Data excerpts
⁂

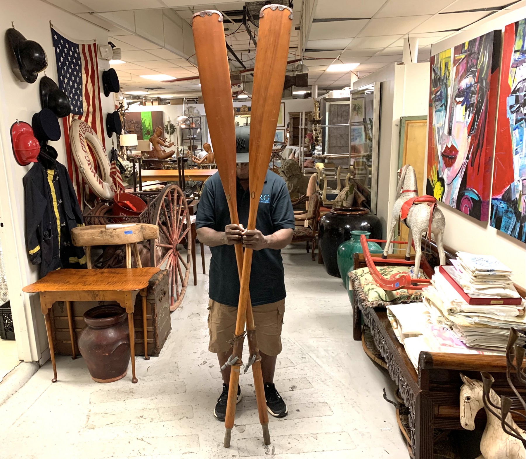 Pair Of Vintage Oars With Partial Label & Riggings #267591. Black Rock Galleries provides high end estate liquidation services through online estate auctions and a 50,000 sq ft designer showroom. estate liquidator, estate sale, online auction, antiques, fine art, liquidation, clean outs, auction, consignment, interior design, fine jewelry, collectibles, appraisals, estate appraisals, estate services, decor, furniture, furniture consignment, antique center, consignment shop. We offer appraisal services and specialize in fine art, jewelry, antiques and decorative arts. Sell with us. Black Rock Galleries is the tri-state's largest estate liquidator serving New England and the greater New York City area. We are the trusted source for expert appraisals, auction services, estate sales, and consignments. Black Rock Galleries is the east coast's largest and most trusted estate liquidator, with locations in Connecticut, greater Boston, MA and Raleigh, NC, Fairfield, Southport, Apex, TX. We are the best source for expert appraisals, auction services, estate sales and consignments. We have served thousands of families and estates with compassion, professionalism and expertise. BRG works with attorneys, executors, realtors and families to bring the greatest return on personal and estate property in the current market. Our unique combination of services make us the easy choice to get the job done in a timely and stress-free manner. We are with you from the initial consultation to the final clean out. Our house-built online auction software platform offers clients a dynamic approach to liquidating their personal property. This venue is most successful in bringing the best return with the least amount of disruption for our clients. See our services page for a complete description of this offering. Pair Of Vintage Oars With Partial Label & Riggings #267591
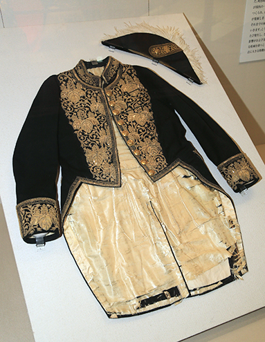 兵庫県を構成する旧五国(摂津、播磨、但馬、丹波、淡路)の歴史文化の特色を紹介する巡回展で、赤穂市立歴史博物館は5会場目。平城京から出土した五国の木簡(複製)、初代兵庫県知事を務めた伊藤博文が着用したと伝えられる礼服、出石焼や東山焼といった各地のやきものなど50点ほどが展示されている。
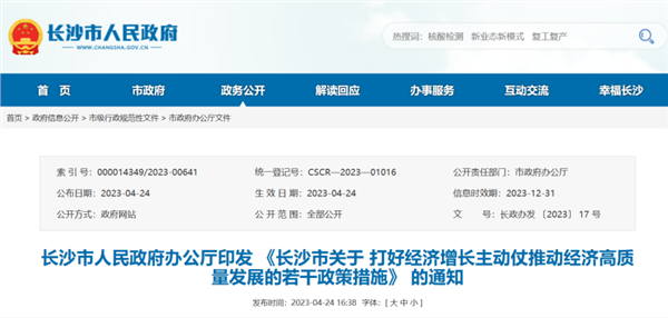 4月24日,长沙市发布《长沙市关于打好经济增长主动仗推动经济高质量发展的若干政策措施》的通知。
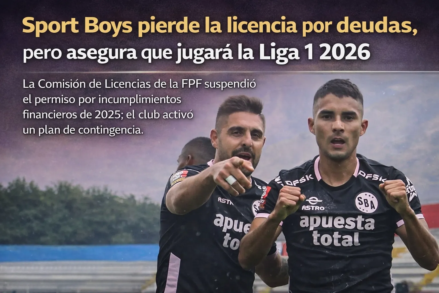 A diez días del inicio del campeonato, Sport Boys enfrenta un proceso de regularización financiera tras la suspensión de su licencia, mientras mantiene su planificación deportiva y ratifica su intención de competir en la Liga 1 2026, a la espera de que la autoridad correspondiente levante la medida una vez atendidos los compromisos pendientes.
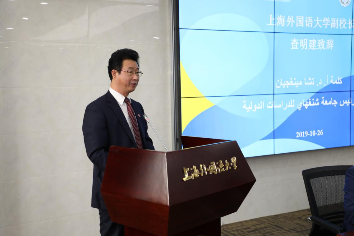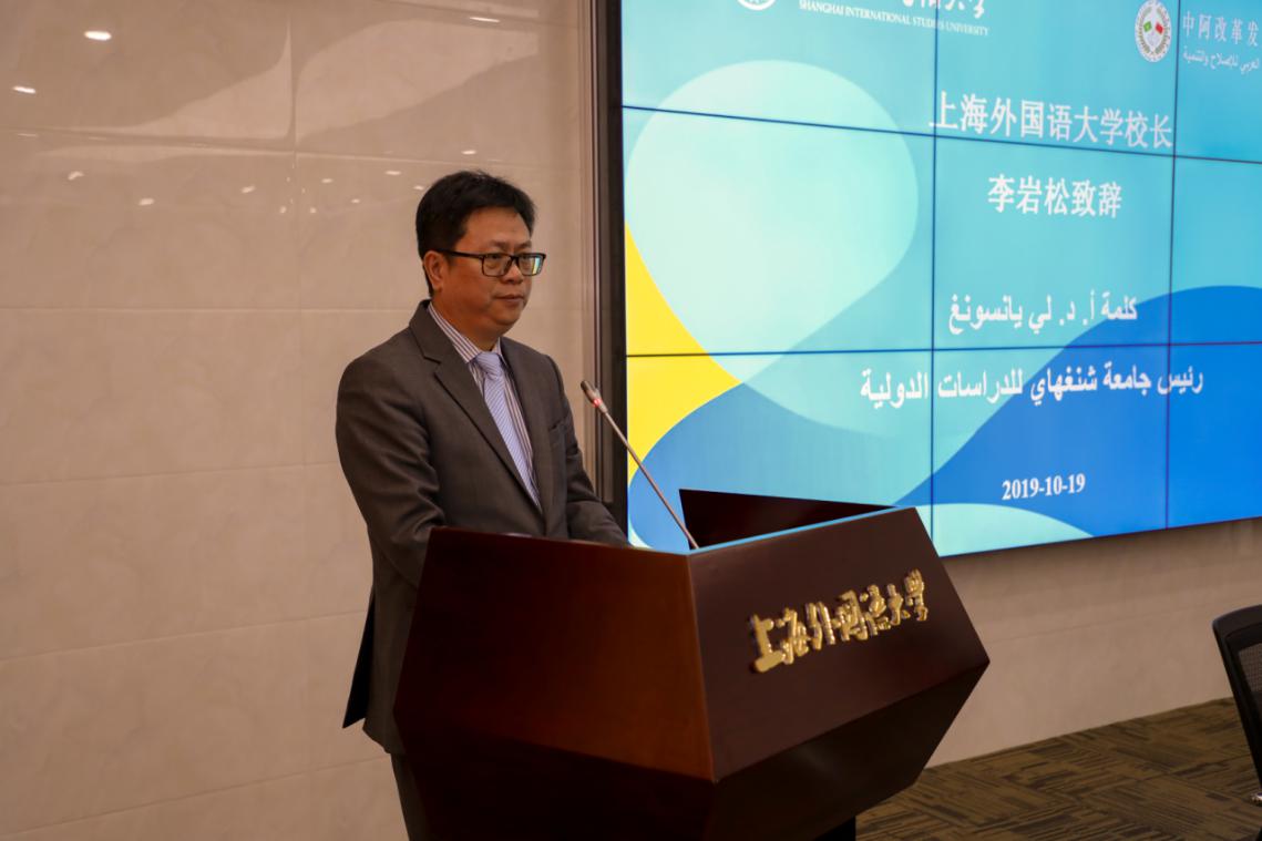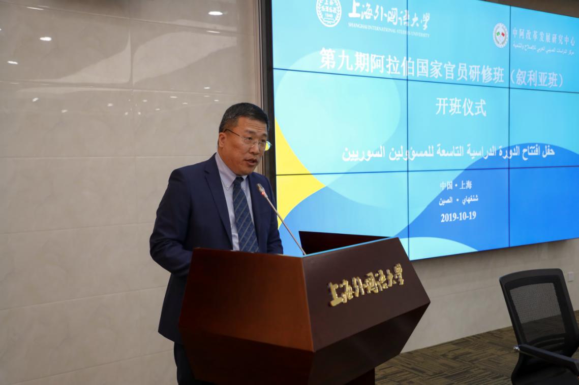 19日上午,开班仪式在松江校区国际教育中心举行。上海外国语大学校长、中阿改革发展研究中心理事长李岩松,中国政府叙利亚问题特使解晓岩,叙利亚计划与国际合作署副署长苏莱娅·伊德利比先后致辞。中心理事会秘书长、执行主任王广大主持开班仪式。

⁂

• _Activity_: Every line from the one holding "A diez días" through the last line of the entries above, and nothing else, is to be restated word for word. Pictures stay out.

• _Answer box_:
 A diez días del inicio del campeonato, Sport Boys enfrenta un proceso de regularización financiera tras la suspensión de su licencia, mientras mantiene su planificación deportiva y ratifica su intención de competir en la Liga 1 2026, a la espera de que la autoridad correspondiente levante la medida una vez atendidos los compromisos pendientes.
 19日上午,开班仪式在松江校区国际教育中心举行。上海外国语大学校长、中阿改革发展研究中心理事长李岩松,中国政府叙利亚问题特使解晓岩,叙利亚计划与国际合作署副署长苏莱娅·伊德利比先后致辞。中心理事会秘书长、执行主任王广大主持开班仪式。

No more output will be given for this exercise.